**TASK TO COMPLETE:** Reproduce word for word, from the entries below, the line with "Svart axelväska i", the line with "My heart belongs", and every line between them, and nothing more.

*** Opening of DATA TO EXAMINE ***

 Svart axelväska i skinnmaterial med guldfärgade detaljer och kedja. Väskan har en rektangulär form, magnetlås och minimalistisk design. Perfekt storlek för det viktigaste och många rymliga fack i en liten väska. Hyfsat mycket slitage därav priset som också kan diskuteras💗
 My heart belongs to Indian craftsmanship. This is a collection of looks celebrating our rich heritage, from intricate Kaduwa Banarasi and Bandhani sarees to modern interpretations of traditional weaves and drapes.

*** Close of DATA TO EXAMINE ***
*** Opening of DATA TO EXAMINE ***

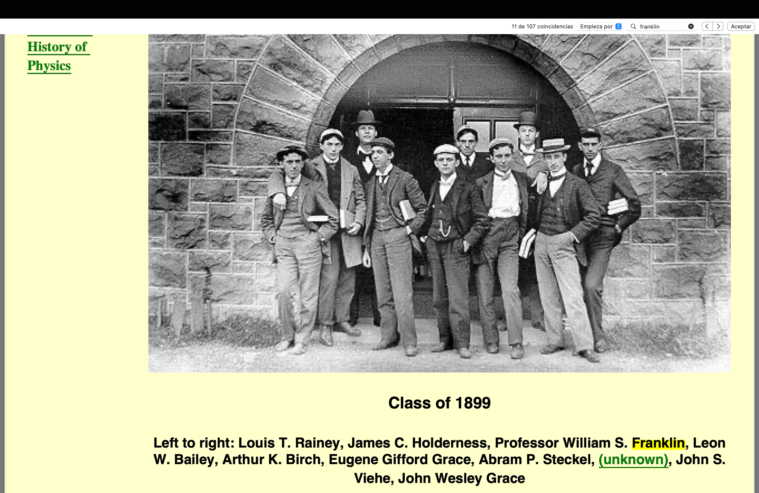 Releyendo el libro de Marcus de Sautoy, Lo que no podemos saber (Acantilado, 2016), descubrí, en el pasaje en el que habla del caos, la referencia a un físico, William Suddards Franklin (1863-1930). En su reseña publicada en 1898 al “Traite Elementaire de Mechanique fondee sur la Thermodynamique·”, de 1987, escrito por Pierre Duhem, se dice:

*** Close of DATA TO EXAMINE ***
*** Opening of DATA TO EXAMINE ***

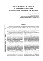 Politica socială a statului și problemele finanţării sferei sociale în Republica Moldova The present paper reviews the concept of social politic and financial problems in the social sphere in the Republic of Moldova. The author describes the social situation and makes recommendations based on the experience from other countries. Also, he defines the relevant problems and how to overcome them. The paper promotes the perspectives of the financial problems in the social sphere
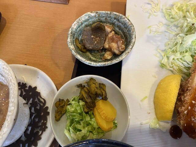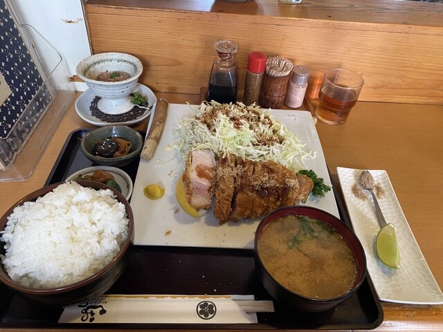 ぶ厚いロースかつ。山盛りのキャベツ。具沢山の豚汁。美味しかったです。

*** Close of DATA TO EXAMINE ***

**ANSWER BOX:**
 Svart axelväska i skinnmaterial med guldfärgade detaljer och kedja. Väskan har en rektangulär form, magnetlås och minimalistisk design. Perfekt storlek för det viktigaste och många rymliga fack i en liten väska. Hyfsat mycket slitage därav priset som också kan diskuteras💗
 My heart belongs to Indian craftsmanship. This is a collection of looks celebrating our rich heritage, from intricate Kaduwa Banarasi and Bandhani sarees to modern interpretations of traditional weaves and drapes.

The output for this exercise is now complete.